Although the majority of men believe they’ve acquired the skills necessary to successfully arouse and pleasure a female partner during physical intimacy, the truth may be slightly less optimistic. The expectations for sexual intimacy by men and women have often been observed to vary significantly, depending upon the particular issue in question. While media outlets and pornography continue to dictate “norms” for sexual behavior and interpersonal relationship dynamics, these now archetypal ideas and actions are often found to vary significantly from the inner workings of a healthy, positive and rewarding emotional and physical relationship between a man and woman.
Respect Her Decisions
It’s common knowledge that a woman’s arousal levels are directly linked to her emotional state. Unlike men, who rely heavily on physical appeal to determine a woman’s “attractiveness,” women typically do not evaluate prospective partners in this fashion. Because of this, a man seeking to gain attention, both emotional and physical, from a female partner should first learn to respect her thoughts and actions. Although the idea of physical intimacy with an attractive female is obviously compelling, this is by no means a “go ahead” to engage in direct, disrespectful dialogue with a partner that serves to objectify or harass them. If, when discussing physical intimacy with a new partner, a woman expresses her doubts or hesitation at pursuing a physical relationship, these sentiments should be respected and upheld by her partner. This level of care and devotion can only help to strengthen the physical and emotional attraction between a women and her partner, ensuring rewarding physical intimacy at a later point.
Make Her Feel Comfortable
No one enjoys feeling preyed upon, and men should ensure that their partners do not feel pressured or influenced into sexual action at any point. One of the most influential component of a rewarding sexual relationship is mutual respect. By ensuring that a woman knows her thoughts and actions are of equal importance to that of her male partner, a level of comfort and peace can be reached that will further strengthen emotional and physical ties, leading to increased arousal and pleasure during sex.
Listen to Her
No one enjoys being ignored, much less an intimate partner. If you’re emotionally invested in a relationship with a woman, no matter how long it’s been in existence, you should ensure that she feels she has an open platform through which to discuss issues of special importance or relevance to her. A surefire way to destroy arousal levels and the desire for physical intimacy is to ignore a romantic partner. If your female companion feels that she’s being used for sex, it’s almost guaranteed that you’ve turned her off indefinitely. Not only will this damage your sex life, it will almost certainly ruin the opportunity to develop a meaningful relationship.

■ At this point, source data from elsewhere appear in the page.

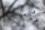 Painted storks flying at Keoladeo Ghana National Park, Bharatpur, India
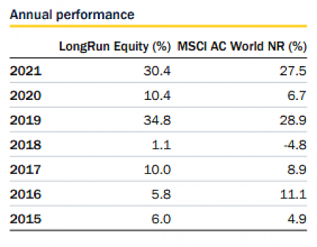 Important information Risk Factors to Consider Before Investing: The value of the shares and the resulting income may fall as well as rise. The investor may receive upon the redemption of its shares an amount less than that originally invested. Investing at the international level can bring additional returns and diversify risks. However, fluctuations in exchange rates may have a positive or negative effect on the value of your investment. The SICAV may make use of financial derivative instruments for hedging purposes which can involve significant risks of loss. Complete information on risks relevant to the SICAV can be found in the prospectus. Risk indicator information: This indicator represents the annual historical volatility of the Fund over a 5-year period. Lack of sufficient data, the risk indicator incorporates simulated data from a benchmark portfolio. Risk Category 5 reflects high potential gains and/or losses for the portfolio. This is due to investments in equities without geographic restraints. Historical data such as that used to calculate the synthetic indicator cannot be considered as a reliable indication of the Fund’s future risk profile. The risk category associated with the Fund is not guaranteed and may change over time. The lowest risk category does not mean »risk free”. Your initial investment is not guaranteed. Other Important Information: LongRun Equity Fund is a UCITS fund incorporated under the law of Luxembourg incorporated as a public limited company and structured as an open-ended investment company (»SICAV”). This marketing communication is issued by LongRun Equity Fund, domiciled at 5, allée Scheffer, L-2520 Luxembourg and authorized by the CSSF. LongRun Equity Fund has the right to modify or make corrections to the information contained in this document at any time and without prior notice. This document has been made on a best-efforts basis and is furnished for information purposes only and does not constitute an offer or a recommendation to purchase or sell any security, unless otherwise provided for in the present disclaimer. The opinions herein do not take into account individual clients’ circumstances, objectives, or needs. Each client must make their own independent decisions regarding any securities or financial instruments mentioned herein. Before entering into any transaction, each client is urged to consider the suitability of the transaction in relation to their particular circumstances and to independently review, with professional advisors as necessary, the specific risks incurred, in particular at the financial, regulatory and tax levels. The tax treatment depends on the circumstances of each investor and may change. Investors should get advice from a professional before making any investment decision. This document is confidential and is intended only for the use of the person to whom it was delivered. This document may not be reproduced (in whole or in part) or delivered to any other person without the prior written approval of LongRun Equity Fund. This document is not intended for distribution or use by any person, whether natural or legal, resident or resident in a country in which its distribution, publication or use is prohibited. It is the responsibility of every recipient to inform themselves and observe applicable regulations and restrictions in their jurisdiction. The SICAV is not Registered under the United States Securities Act of 1933 or under the United States Investment Companies Act of 1940. Accordingly, the Fund may not be offered or sold, directly or indirectly, in the United States of America or in its States, Territories, Possessions or other areas subject to its jurisdiction or to a United States person. The information, notices or data contained in this document do not constitute investment advice, nor are they of a legal, tax or other nature and should not be considered as such when making investment or other decisions. Subscriptions in the SICAV may only be made on the basis of the latest prospectus the articles of incorporation (available in English and French), the Key Investor Information Document (KIID) (available in English, French and Spanish), the most recent annual and semi-annual reports (available in English), a copy of which may be obtained free of charge on request by contacting Luxcellence Management Company SA (the »Management Company”) or be downloaded from www. luxcellence.com. A summary of investor rights is available at www.luxcellence.com. This summary is available in English. Investors should note that the Management Company may, in accordance with Article 93a of Directive 2009/65/EC (the »UCITS Directive”), decide at any time to terminate the arrangements made for marketing the fund in any country where it has been notified for marketing. Additional Information for Swiss Investors: The Swiss representative is ACOLIN Fund Services, Leutschenbachstrasse 50, 8050 Zurich. The Swiss paying agent is CACEIS Bank, Paris, succursale de Nyon/Suisse, Route de Signy, 35, 1260 Nyon. A copy of the prospectus, the KIID, the annual and semi-annual reports of the SICAV may also be obtained free of charge on request in Switzerland from the Swiss representative. Additional Information for French Investors: A copy of the prospectus, the KIID, the annual and semi-annual reports of the SICAV may also be obtained free of charge on request in France to our French centralizing agent, Caceis Bank France, 1-3, Place Valhubert – 75013 Paris. Investors should note that, relative to the expectations of the Autorité des Marchés Financiers, this UCITS presents disproportionate communication on the consideration of non-financial criteria in its investment policy. Performance refers to the past and is not a reliable indicator of future performance.
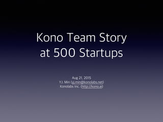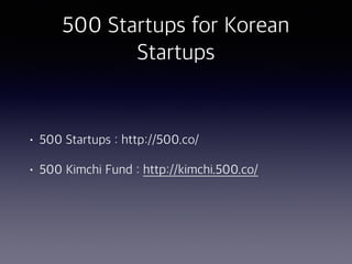 This document summarizes YJ Min's experience in 500 Startups Batch 13 accelerator program. It discusses 500 Startups and the 500 Kimchi Fund program for Korean startups, Konolabs' application and acceptance process, details of the 12 week program including location, support programs and networking opportunities. It also compares Silicon Valley to Korea and provides tips on demo day, fundraising, common startup questions, and gains and challenges of participating in the 500 Startups accelerator.
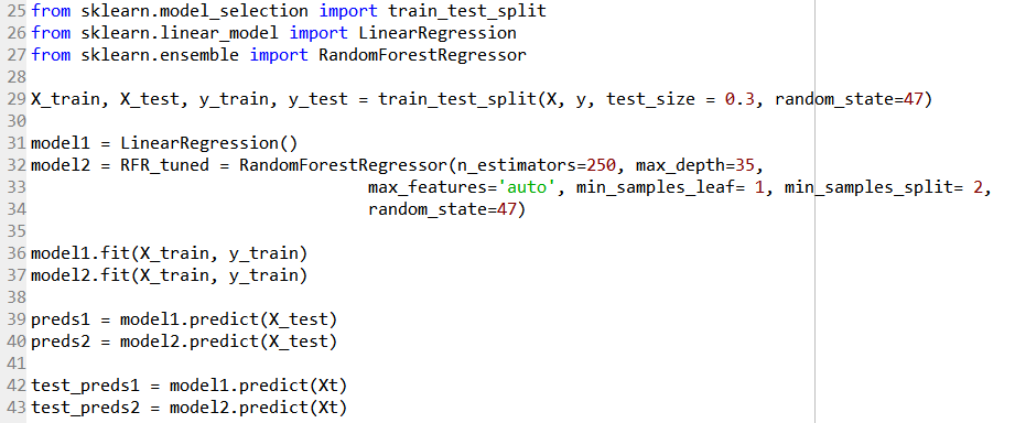 Line 31 creates a Linear Regression model, and Line 32 to 33 creates a Random Forest Regressor model (using tuned parameters from a previous post). This forms Level 0 of the stack.

Respect Her Decision to Wait
A significant number of both men and women have actively made the decision to abstain from sex until marriage. Because of this, neither members of a relationship should mock or chide the other if they are a virgin. Although this may be a point of contention for certain individuals, it also serves as an example of dedication and care that the virgin partner has been willing to pursue prior to meeting their future life partner.
Don’t Rush to Conclusions
Although “experienced” men may think they’ve known enough men to easily categorize and objectify future partners, this ignorant approach to interpersonal relationships can only serve to damage the likelihood of ever entering into a rewarding and loving life with another individual. Before developing a “plan of action” designed to attract a woman, allow yourself to discover her unique characteristics and personality organically, i.e. through conversation and honest dialogue. Through this, men can show that they care enough about their partner to take the time to learn “all there is to know.” This will definitely help increase passion and energy in future intimate interactions.
Treat Her as an Equal
No matter how your opinions and feelings may change towards a romantic partner as a relationship develops, both men and women should always treat their partners with a level of respect their, would expect be given to themselves. Respect is a crucial part of trusting, loving relationships and can help enhance pleasure and passion on an emotional and physical level. Unless you’re willing to embrace the independent thoughts, actions and preferences of your partner, you may not be ready for a physical or emotional relationship.
Be Honest
Communicate your thoughts, feelings and opinions with your partner, particularly if they relate to a particular element of your relationship with them that, in your mind, needs to be addressed. By demonstrating that you respect your partner enough to engage in honest conversation with them, you can ensure that the times you share together, both intimate and otherwise, will be of the highest possible quality.